Фантастика 1982
Шрифт:
Потому, когда Жареный сказал дядьке-сотенному, что надоело ему сидеть за стенами и что он с другом Федором пойдет по грибы и ягоды, дядька перечить не стал. А от татарской, стражи у ворот они просто отмахнулись, хотя те и кричали на них что-то по-своему. Так Жареный с Федором и стали выходить по два раза в день: и ягод приносили, и окрестности тщательно обыскивали. Искали, туда-сюда ходя по лесу, расходясь и снова встречаясь. И нашли: в глубине леса, хотя и не так далеко от стены, увидали полянку, конями утоптанную и старыми катышками навоза усыпанную. Потом в зарослях кустарника нашли и лаз, к нему вела тропочка, три раза сама к себе изгибавшаяся, и потому лаза со стороны никак не видно было.
Лаз
Жареный тут же поколотил кресалом, зажег пук сухой травы, от нее засохшую ветку и в лазе том пошарил, походил сколько мог. Вылез и сказал, что идти надо только с факелом, а сейчас лучше уйти от греха подальше, чтобы не заметили.

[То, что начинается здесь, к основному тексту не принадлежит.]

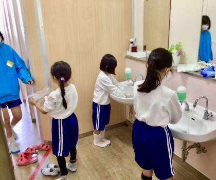 トイレの清掃は 6年生が1年生にやさしく教えています!
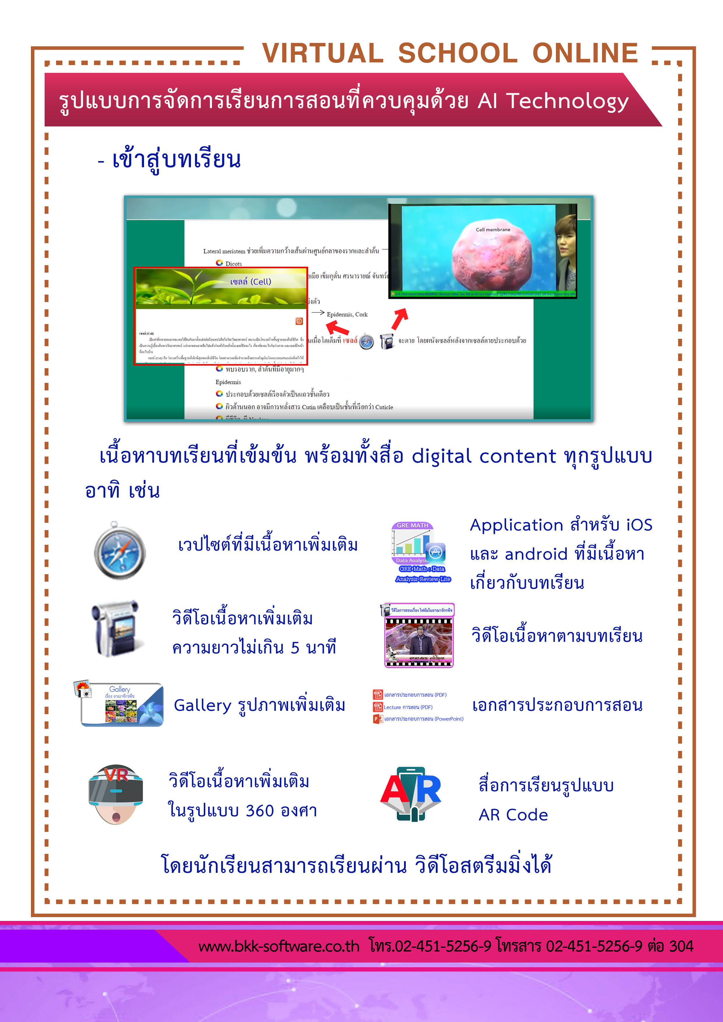 ระบบ virtual School Online เป็นระบบการเรียนการสอนด้วยระบบออนไลน์ที่สามารถเรียนได้ทุกที่ ทุกเวลา ตามความต้องการของนักเรียน และนักเรียนสามารถเรียนทบทวนบทเรียนซ้ำกี่ครั้งก็ได้ เนื้อหาบทเรียน สอดคล้องกับหลักสูตรแกนกลางการศึกษาขั้นพื้นฐาน พ.ศ.2551 เป็นะบบที่ผู้เรียนจะต้องเรียนและทำแบบทดสอบให้ผ่านเกณฑ์ที่กำหนดในแต่ละวิชา สามารถออกใบประกาศนียบัตรรับรองความรู้ให้แก่ผู้เรียนด้วยระบบ AI และ ระบบนี้ท่านผู้ปกครอง ครูผู้สอน สามารถติดตามผลการเรียนแบบ Real Time ได้จาก Application และระบบนี้ รองรับการใช้งานทุกอุปกรณ์และทุกระบบปฏิบัติการ |

С утра, как только служба позволила, ушел Жареный в глубь двора и, оглядевшись, влез на дерево. Мария сразу подошла, кивнула и спела, что ключ выследила, взять его сумеет и может хоть сегодня бежать. Сказала, чтобы ближе к полночи он под стеной филином или какой другой птицей, какой умеет, три раза крикнул, Л потом еще три раза, и она то услышит и будет готова открыть дверь. Ему же, Соколу Ясному, надо идти после этого в подземный ход с факелом и ждать за дверью. Как только она ключ выкрадет, то не мешкая выйдет и они убегут. А куда, о том один бог ведает, а ей все равно.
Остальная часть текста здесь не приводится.